The independent sector of the optical industry needs to work together.

According to Jason Kirk, founder and designer of Kirk & Kirk, a common structured approach together with a targeted policy are the keys to dealing with the uncertainties of this period.

What approach have you chosen for the restart?

We have taken time to listen to our clients and see how the situation has evolved. We realised that the simple things were important and should not be taken for granted, such as being open, having stock and being able to deliver.

It sounds silly but so many companies have struggled to get stock, so we communicated the simple message to our audience that our offices in the UK and the US have been open throughout the pandemic.

With trade shows being cancelled and no certainty when they will begin again nor whether opticians will visit them, we have adapted our schedule for releasing new products so that there is a steady flow of new releases every few months instead of focusing on exhibition times. Next new launches are in September.

How was it received by the opticians?

Our clients seem to share our view. The independent sector of the optical industry needs to work together.

It is full of talented entrepreneurs but it needs to be galvanised. We are stronger working as a team and we have felt much closer to our clients in these last few months sharing our challenges, both personal and professional.

In what direction do you think the avant-garde glasses will move?

When the economic environment gets difficult, like in a recession or during a pandemic, most designers and opticians do what they think is the safest thing for their business. They buy classic frames and try not to take what they perceive as risks. In my view this is a very dangerous path to take, especially now.

Look around your store and see how many little tortoise shell frames you have or black pantos… you do not need many in stock to satisfy clients who want that option but if you are going to drive more traffic through your door you need exciting, inspiring eyewear that captures people’s imagination.
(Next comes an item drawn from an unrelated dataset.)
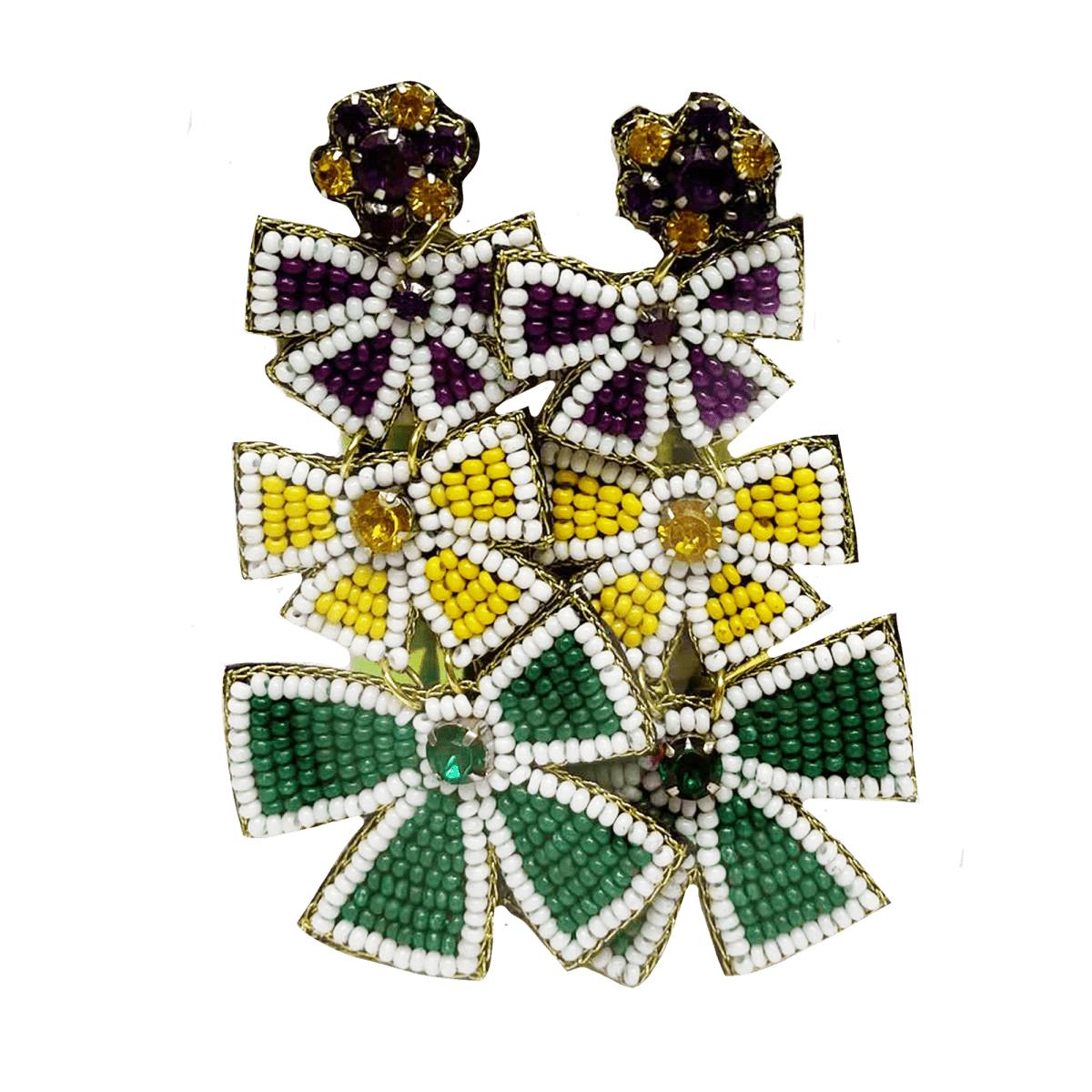 Mardi Gras Beaded Multi-Bow Drop Earrings

Many opticians are focusing their message to the public on how hygienic their shop is. Surely it was hygienic before Covid? That will not excite consumers although it might re-assure them. Right now, people are shopping online.

They are nervous about public transport, nervous about sharing public spaces and anxious about going shopping. It will take something pretty special to make them come into your shop. Give them a good reason to get off the sofa.

What are your plans for MIDO 2021?

That is a good question. The health and safety of our team, clients and friends is our priority so we must see how conditions evolve over the coming months. Buying habits are changing for opticians and consumers. We need to see if this is a temporary change or something longer-term.